I am glad I did my time and retired already. If this was the retirement system in place while I was active, I would not have made the Navy a career. That is the whole allure of the current system, you can do 20 years, retire young and have enough time to build a career with a civilian job and retire with 3 incomes at age 62.


----------



## Catalytic (Sep 15, 2010)

Qhorseman said:


> I am glad I did my time and retired already. If this was the retirement system in place while I was active, I would not have made the Navy a career. That is the whole allure of the current system, you can do 20 years, retire young and have enough time to build a career with a civilian job and retire with 3 incomes at age 62.


Exactly. I'll be honest, I'm scared ****less about this. DH is so stubborn, though, to not lose the house, he'll take a job overseas, and dangit, I'm tired of that. I'd rather live in a cardboard box. Didn't like him in a warzone when he had a weapon, dang sure don't want him there without one...


----------



## Catalytic (Sep 15, 2010)

jessimeredith said:


> We were going to be in the same position, until Soldier got thrown backwards across a turret downrange and got his back all messed up. The only thing saving our rears now is is currently J shaped spine. He was going to be a lifer (about halfway there), just change his MOS, but with this new "proposal" (that will probably get the greenlight) he's looking at med boarding instead.
> 
> Throws all the plans and such into disarray...that's for sure!

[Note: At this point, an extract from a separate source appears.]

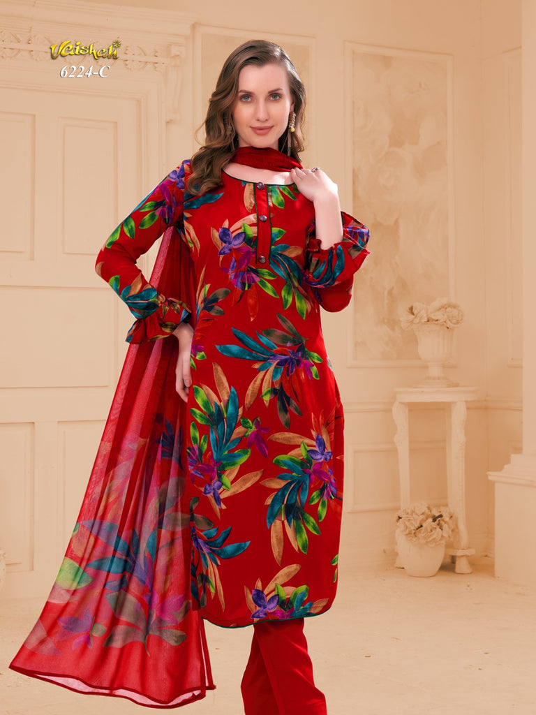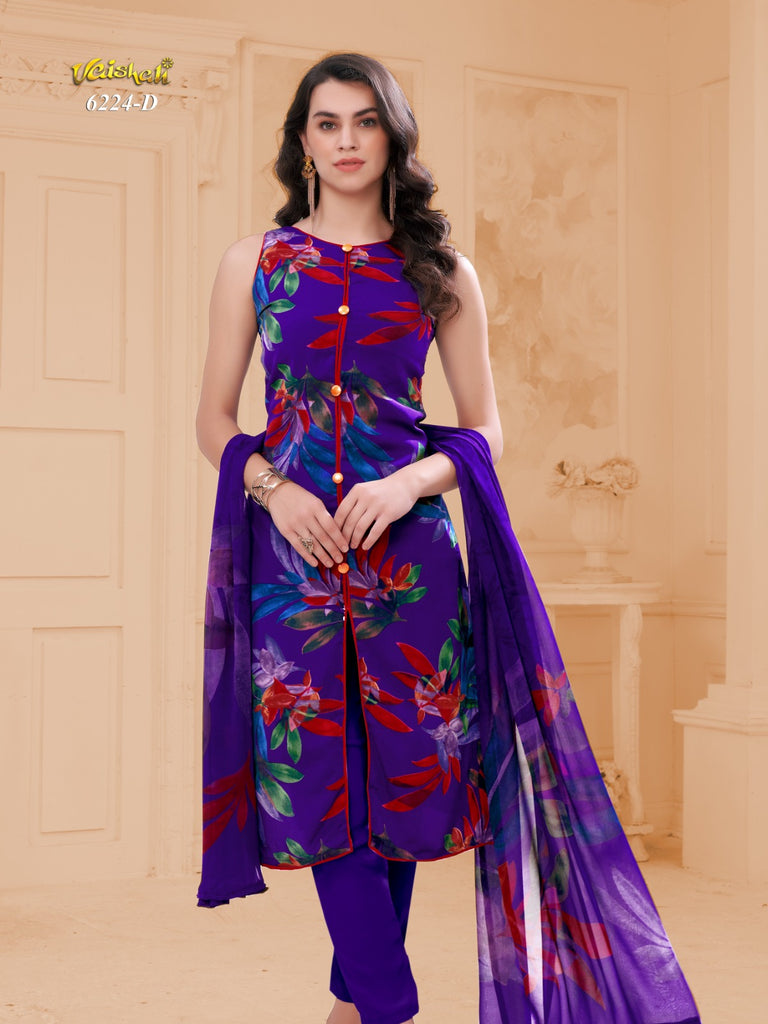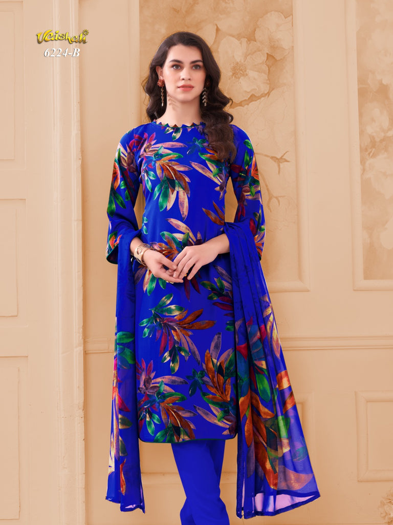 Exquisite quality unstitched french crepe digital prints with printed chiffon dupatta by the one and only Vaishali.

So sorry about the injury Jessica. I hope things work out for you guys, I think if we were in your shoes, we'd be taking medical retirement asap.


----------



## Qhorseman (Jul 9, 2010)

Something to think about, Medical retirement is tax free. I was going for 30 when they boarded me at 22 years. I get the same retirement benefits as anyone else just don't pay taxes on it. Regular retirement pay is taxed.


----------



## jessimeredith (Sep 12, 2004)

Catalytic said:


> So sorry about the injury Jessica. I hope things work out for you guys, I think if we were in your shoes, we'd be taking medical retirement asap.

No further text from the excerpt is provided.